▶ [What is expected] Further down are entries; set down exactly and only the lines from the one with "1974 John W" up to and including the one with "Soporte premium fabricado", dropping each picture.

▶ [Extracted data]
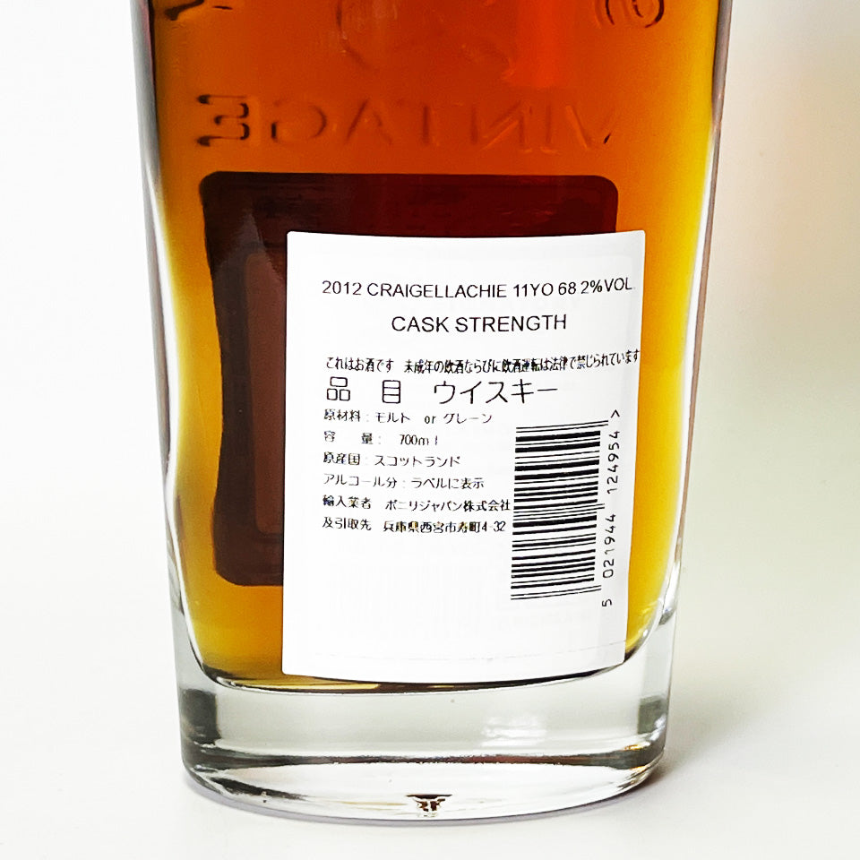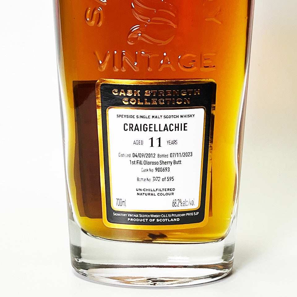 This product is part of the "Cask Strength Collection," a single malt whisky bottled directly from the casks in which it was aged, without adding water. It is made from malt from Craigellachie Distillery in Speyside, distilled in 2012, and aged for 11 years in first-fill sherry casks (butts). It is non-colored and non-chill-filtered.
...
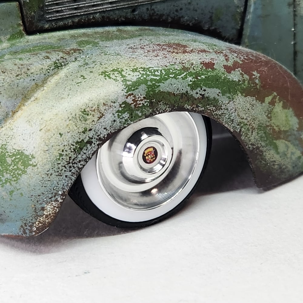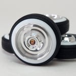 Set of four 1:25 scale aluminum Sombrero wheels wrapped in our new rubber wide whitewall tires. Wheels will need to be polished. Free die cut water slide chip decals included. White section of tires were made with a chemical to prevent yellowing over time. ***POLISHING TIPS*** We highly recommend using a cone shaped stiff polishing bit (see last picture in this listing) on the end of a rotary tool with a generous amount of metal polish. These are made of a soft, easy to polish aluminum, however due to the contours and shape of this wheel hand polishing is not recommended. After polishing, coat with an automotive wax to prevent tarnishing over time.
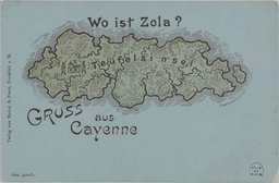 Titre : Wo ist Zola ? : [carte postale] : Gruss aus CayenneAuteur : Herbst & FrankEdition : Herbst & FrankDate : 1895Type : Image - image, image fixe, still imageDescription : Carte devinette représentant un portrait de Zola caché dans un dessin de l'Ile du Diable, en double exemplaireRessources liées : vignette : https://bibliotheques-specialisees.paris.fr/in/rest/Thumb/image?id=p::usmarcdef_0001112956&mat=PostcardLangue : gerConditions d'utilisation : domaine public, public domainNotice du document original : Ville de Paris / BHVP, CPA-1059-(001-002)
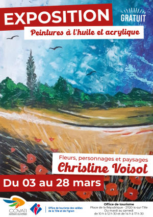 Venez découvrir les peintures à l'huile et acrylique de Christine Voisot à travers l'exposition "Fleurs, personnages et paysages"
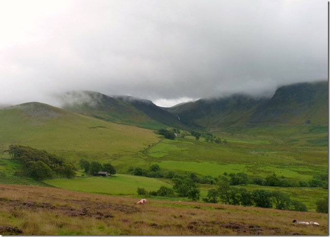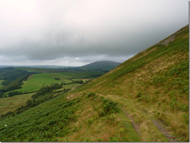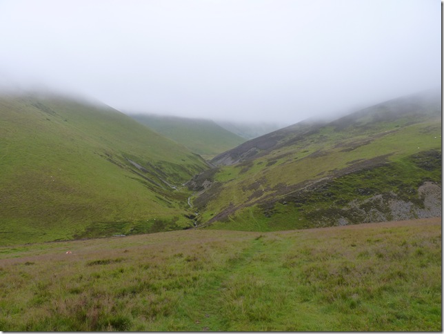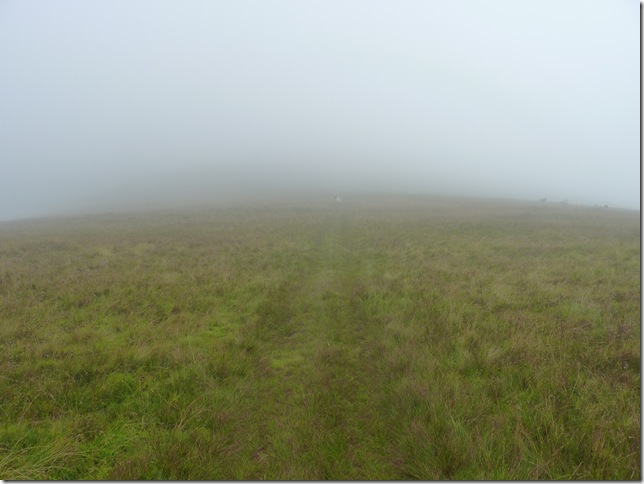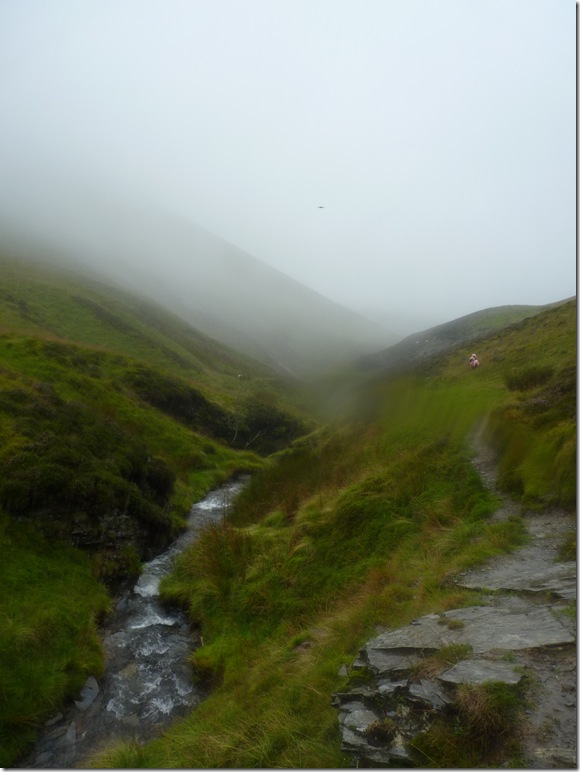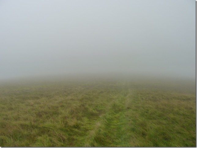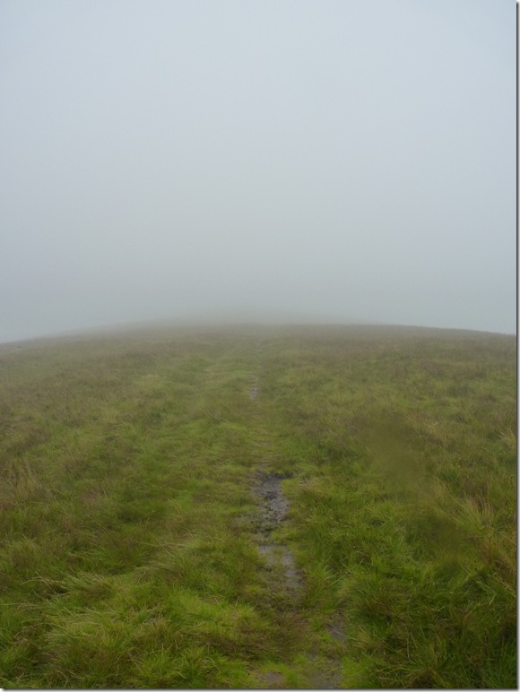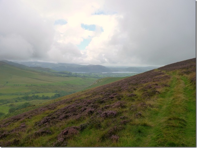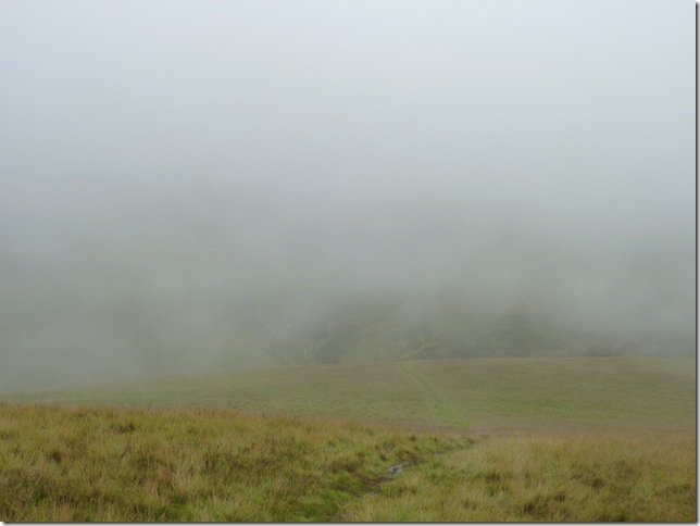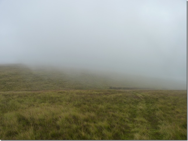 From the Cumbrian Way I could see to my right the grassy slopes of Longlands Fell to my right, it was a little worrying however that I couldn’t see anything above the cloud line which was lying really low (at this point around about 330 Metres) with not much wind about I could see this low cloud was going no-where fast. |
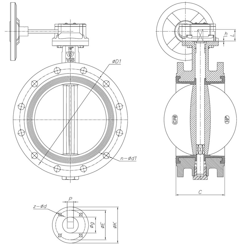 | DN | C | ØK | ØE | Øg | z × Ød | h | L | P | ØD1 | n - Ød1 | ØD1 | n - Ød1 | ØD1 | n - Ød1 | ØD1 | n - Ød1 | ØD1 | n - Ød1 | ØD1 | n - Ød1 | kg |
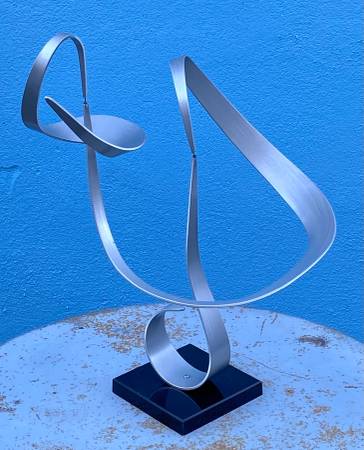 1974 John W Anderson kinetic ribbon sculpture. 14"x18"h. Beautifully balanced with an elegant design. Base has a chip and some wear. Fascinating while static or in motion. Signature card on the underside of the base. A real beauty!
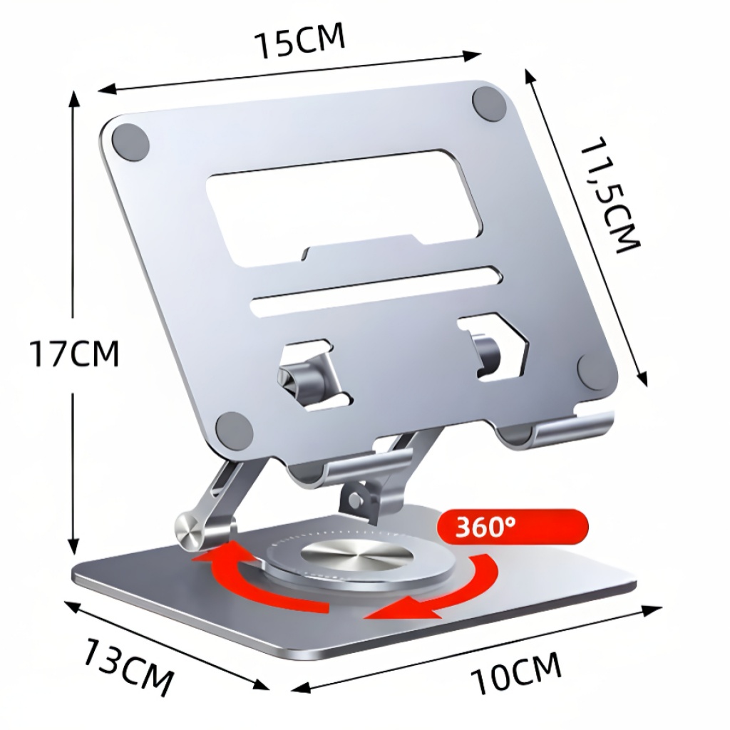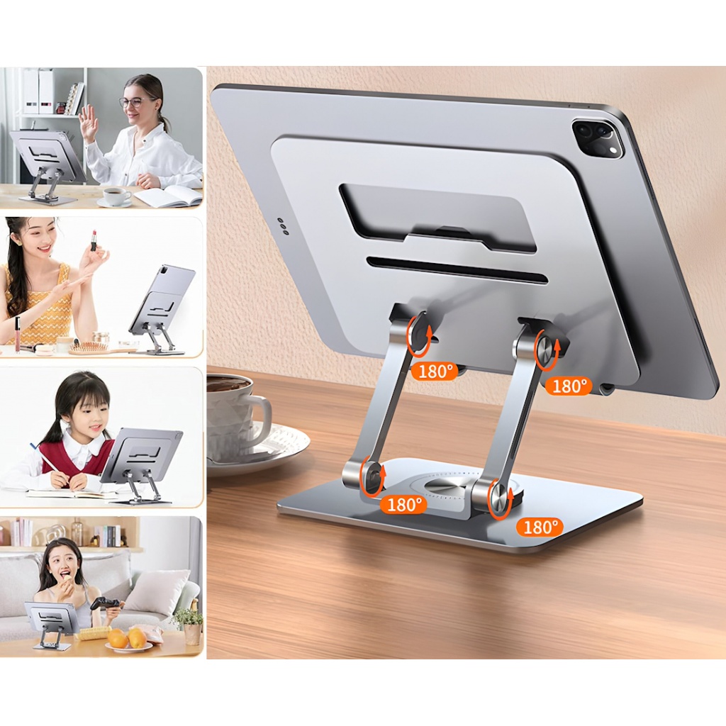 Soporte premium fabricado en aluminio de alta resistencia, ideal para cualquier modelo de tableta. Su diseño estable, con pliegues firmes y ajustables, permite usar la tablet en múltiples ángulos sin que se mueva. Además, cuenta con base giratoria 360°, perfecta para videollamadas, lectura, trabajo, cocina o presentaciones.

▶ [Your solution]
 1974 John W Anderson kinetic ribbon sculpture. 14"x18"h. Beautifully balanced with an elegant design. Base has a chip and some wear. Fascinating while static or in motion. Signature card on the underside of the base. A real beauty!
 Soporte premium fabricado en aluminio de alta resistencia, ideal para cualquier modelo de tableta. Su diseño estable, con pliegues firmes y ajustables, permite usar la tablet en múltiples ángulos sin que se mueva. Además, cuenta con base giratoria 360°, perfecta para videollamadas, lectura, trabajo, cocina o presentaciones.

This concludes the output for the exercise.